Species of bolete fungus

Leccinum albostipitatum is a species of bolete fungus in the family Boletaceae. This large, orange-capped mushroom forms beneficial relationships with poplar trees across Europe. First described scientifically in 2005, it was previously confused with similar orange species but can be distinguished by its white stipe with fine scales that darken with age and its flesh that changes colour when cut. The mushroom grows in poplar stands and mixed forests throughout Scandinavia and mountainous areas of central Europe.

==Taxonomy==

Leccinum albostipitatum was scientifically described by the mycologists Hendrik den Bakker and Machiel Noordeloos in 2005, following comparison of Populus‑associated collections previously identified as Leccinum aurantiacum or Leccinum leucopodium. The holotype (M.E. Noordeloos 96134, herbarium L) was gathered on 10 September 1996 at Monte Bella, Trento, Italy. Morphological characters of stipe ornamentation and cap colour distinguished it from related European taxa.

==Description==

The cap reaches 80–250 mm in diameter and is hemispherical when young, maturing to convex or plano‑convex. Its surface is finely tomentose and fibrillose, displaying a vivid orange that may fade toward the margin in older fruit‑bodies and often cracks slightly with age. The stipe measures 50–270 mm in length and 15–50 mm in thickness, initially whitish and densely clothed in fine white squamules that darken to light brown in mature specimens; handling typically induces a clear blue bruise. The flesh is white in the stipe base but turns vinaceous to greyish‑black when cut in the cap. Tubes are 9–30 mm deep, adnate to slightly decurrent, with pores about 0.5 mm wide that bruise brown. Microscopically, spores measure (9.5–)11.0–17.0 by 4.0–5.5 μm, spindle-shaped (fusiform) with a conical apex and shallow suprahilar depression. Basidia are 25–35 by 7.5–11.0 μm and four‑spored. Hymenial cystidia measure 20–45 by 7–10 μm (lageniform). The cap cutical (pileipellis) is a cutis of narrow cylindrical elements (35–80 by 4.0–15.5 μm) that appear yellowish‑brown in water. Caulocystidia are 15–65 by 10.0–16.0 μm, clavate to fusiform. Clamp connections are absent.

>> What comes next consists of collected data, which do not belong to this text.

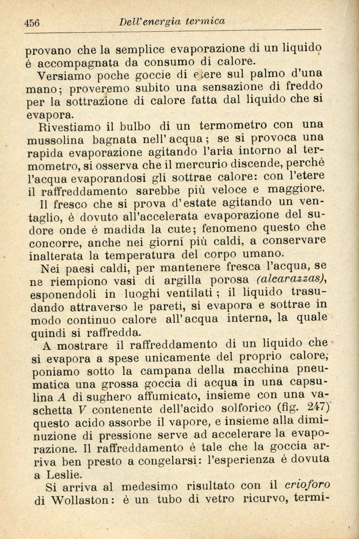 A mostrare il raffreddamento di un liquido che si evapora a spese unicamente del proprio calore; poniamo sotto la campana della macchina pneumatica una grossa goccia di acqua in una capsu-lina A di sughero affumicato, insieme con una vaschetta V contenente dell'acido solforico (fig. 247) questo acido assorbe il vapore, e insieme alla diminuzione di pressione serve ad accelerare la evaporazione. Il raffreddamento è tale che la goccia arriva ben presto a congelarsi: l'esperienza è dovuta a Leslie.
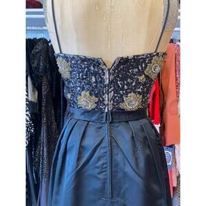 vintage 1960s black silk beaded maxi dress 60s formal gown metallic eyelash xs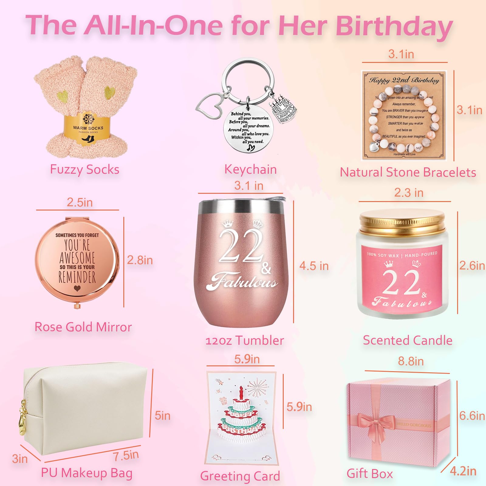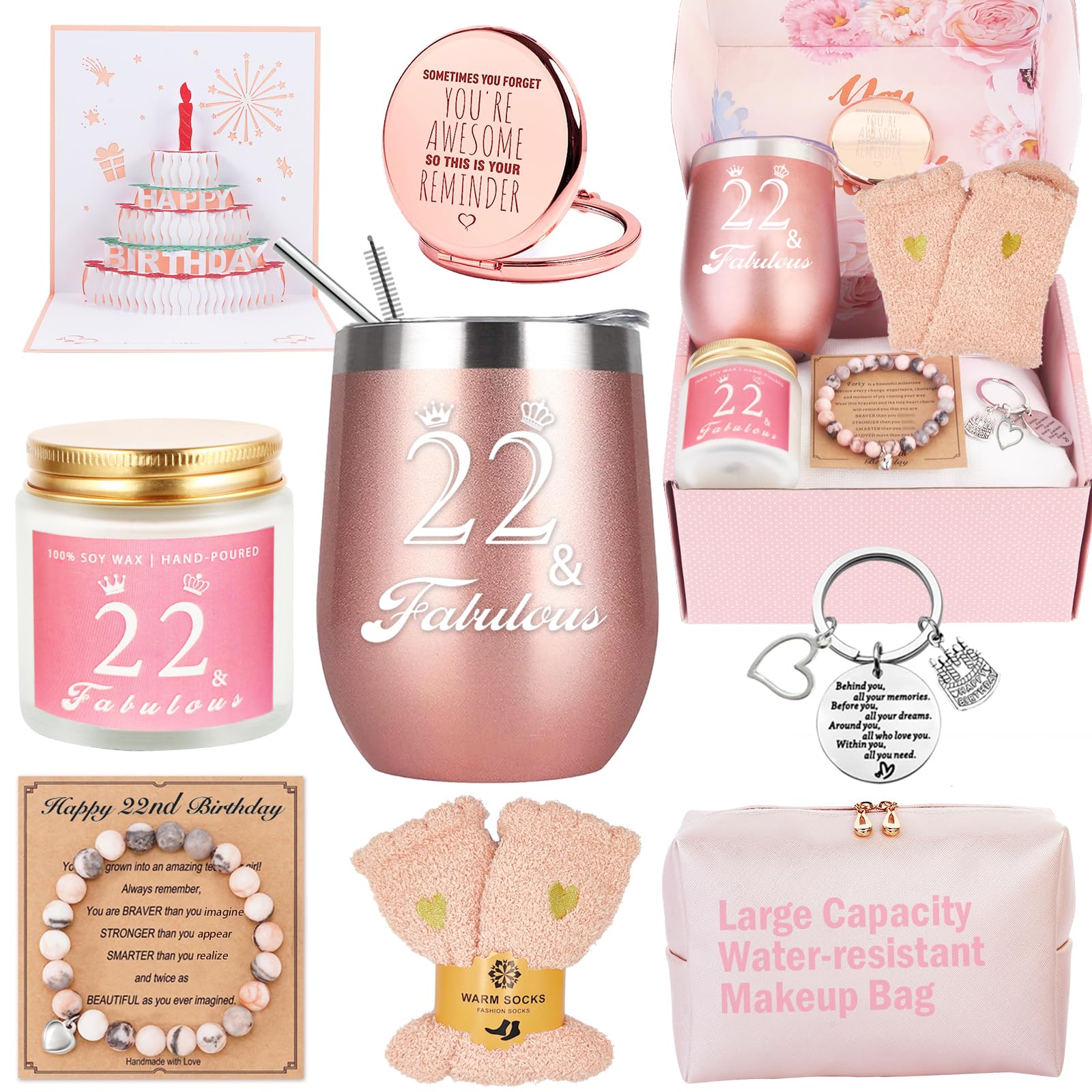【Best Friends Gifts Box For Girls Women】 Imagine the surprise of receiving this gift on her 22nd birthday. She can use candle to make her feel smoothing and is great for sleep-promoting, enjoy the happiness of making up with rose gold mirror and makeup bag and have a morning coffee or afternoon drink with her new favorite wine tumbler. A good day starts with your birthday gifts!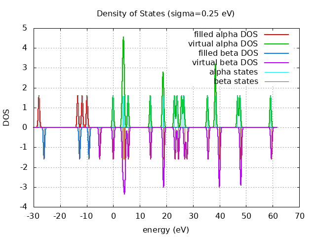 spin eig occ ---------------------------- alpha -27.98 1.00 alpha -13.35 1.00 alpha -11.71 1.00 alpha -9.85 1.00 alpha -0.08 0.00 alpha 3.42 0.00 alpha 3.79 0.00 alpha 3.82 0.00 alpha 4.08 0.00 alpha 5.57 0.00 alpha 13.90 0.00 alpha 18.63 0.00 alpha 18.88 0.00 alpha 23.05 0.00 alpha 24.03 0.00 alpha 25.70 0.00 alpha 26.58 0.00 alpha 35.46 0.00 alpha 38.43 0.00 alpha 38.45 0.00 alpha 46.80 0.00 alpha 47.72 0.00 alpha 59.24 0.00 beta -26.04 1.00 beta -12.65 1.00 beta -9.12 1.00 beta -5.10 0.00 beta 0.01 0.00 beta 3.52 0.00 beta 3.90 0.00 beta 4.22 0.00 beta 4.46 0.00 beta 5.67 0.00 beta 14.05 0.00 beta 18.86 0.00 beta 19.03 0.00 beta 23.29 0.00 beta 24.55 0.00 beta 26.91 0.00 beta 27.77 0.00 beta 35.73 0.00 beta 39.87 0.00 beta 40.04 0.00 beta 47.91 0.00 beta 48.13 0.00 beta 59.56 0.00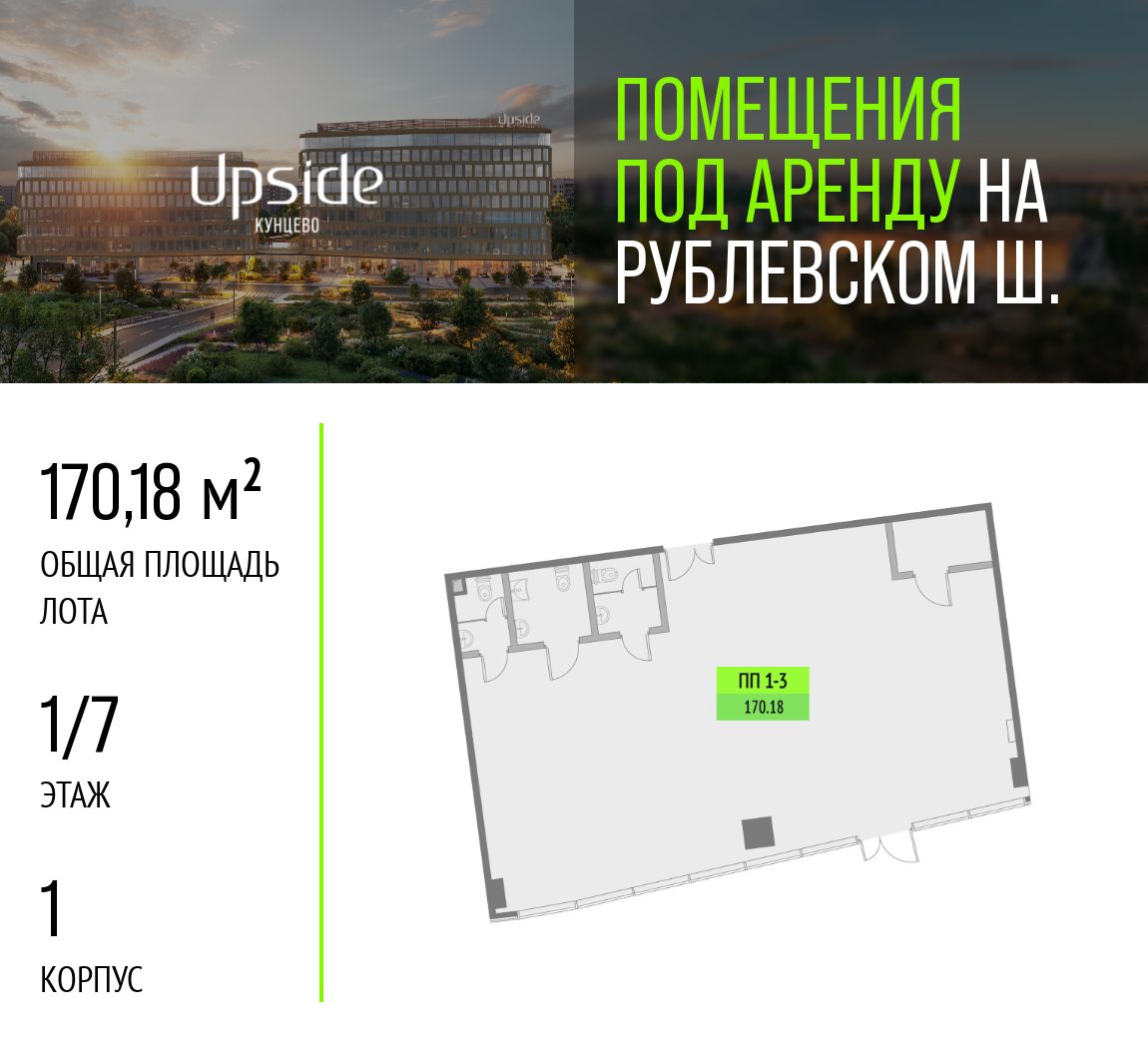 Помещение расположено на первом этаже нового бизнес-центра класса «А» Upside Кунцево, на престижном западе Москвы.

==Habitat and distribution==

Leccinum albostipitatum grows solitary or in groups (gregariously) in mixed forests and poplar stands, strictly in ectomycorrhizal association with Populus species. It is not recorded from the Netherlands but is common in Scandinavia and the montane regions of central Europe, becoming rare at lower altitudes. Known localities include Monte Bella, Italy, Sommauthe/Beaumont-en-Argonne (Champagne-Ardenne, France), and Sogndal (Vestland, Norway).